Much more interesting (and not touched on by the article as far as I noticed): The electron neutrino is the "partner" to the electron. The muon neutrino is the partner to the muon, and the tau neutrino to the tau. What's the sterile neutrino the partner to? (Or doesn't it have one, and that's what makes it "sterile"?)

If there is a partner to it, does the partner have mass? Does it interact in any way besides gravitationally? If not...



IIRC, there is another quantum number, the chirality. All the neutrinos measured are left chiral. The sterile neutrino, which does not pair with other lepton, is right chiral.

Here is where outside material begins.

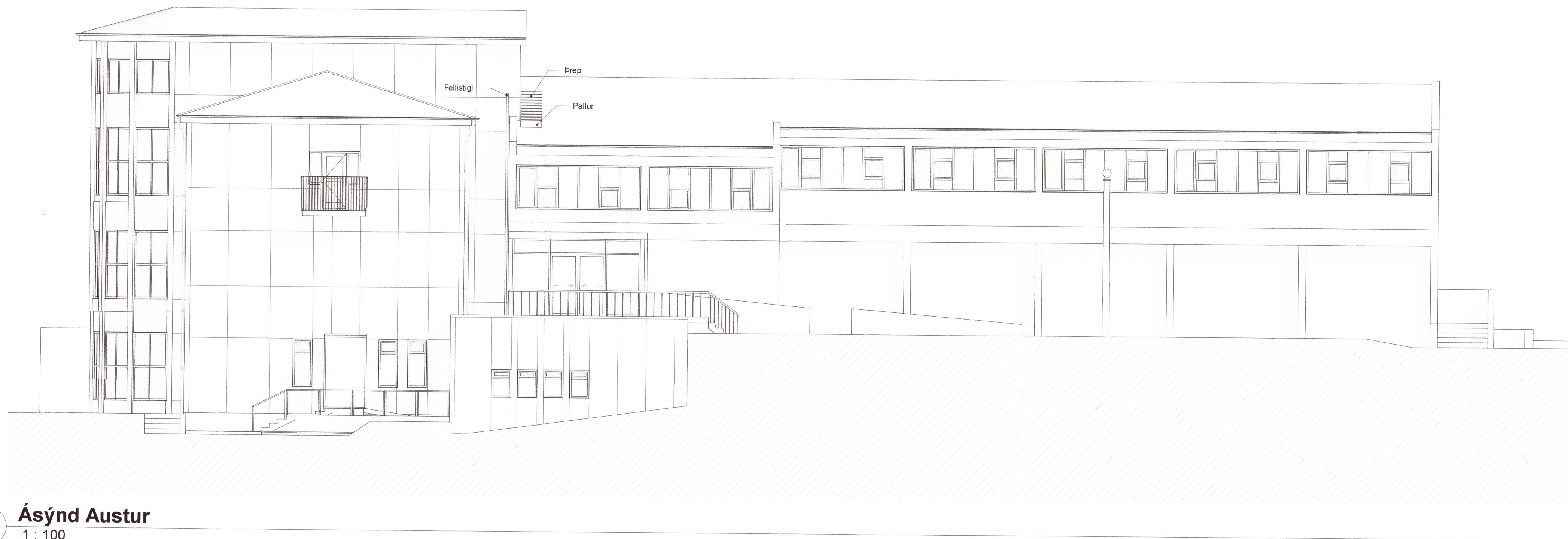
1 Ásýnd Austur 1:100

Is that the only possible sterile neutrino? Because if I recall correctly, a right chiral neutrino cannot change into one of the other types, because of the chirality. (That's why it's "sterile".)

So either they aren't produced by beta decay, or they are but they can't be captured by gallium, or we're seeing a sterile neutrino in a different sense. ("Sterile" because it can't interact with gallium, but not sterile due to chirality.)

If I understand, the conversion of gallium into germanium is exactly a beta interaction. (But I may not understand, because it seems to me that gallium->germanium should emit a neutrino, not absorb one.) So I have a hard time seeing how a neutrino could be emitted by the source, but not absorbed by gallium. I could more readily see it as saying that there's a fourth type of neutrino that they cycle through, and while in that fourth state it can't convert gallium. But that wouldn't be "sterile" in the chirality sense.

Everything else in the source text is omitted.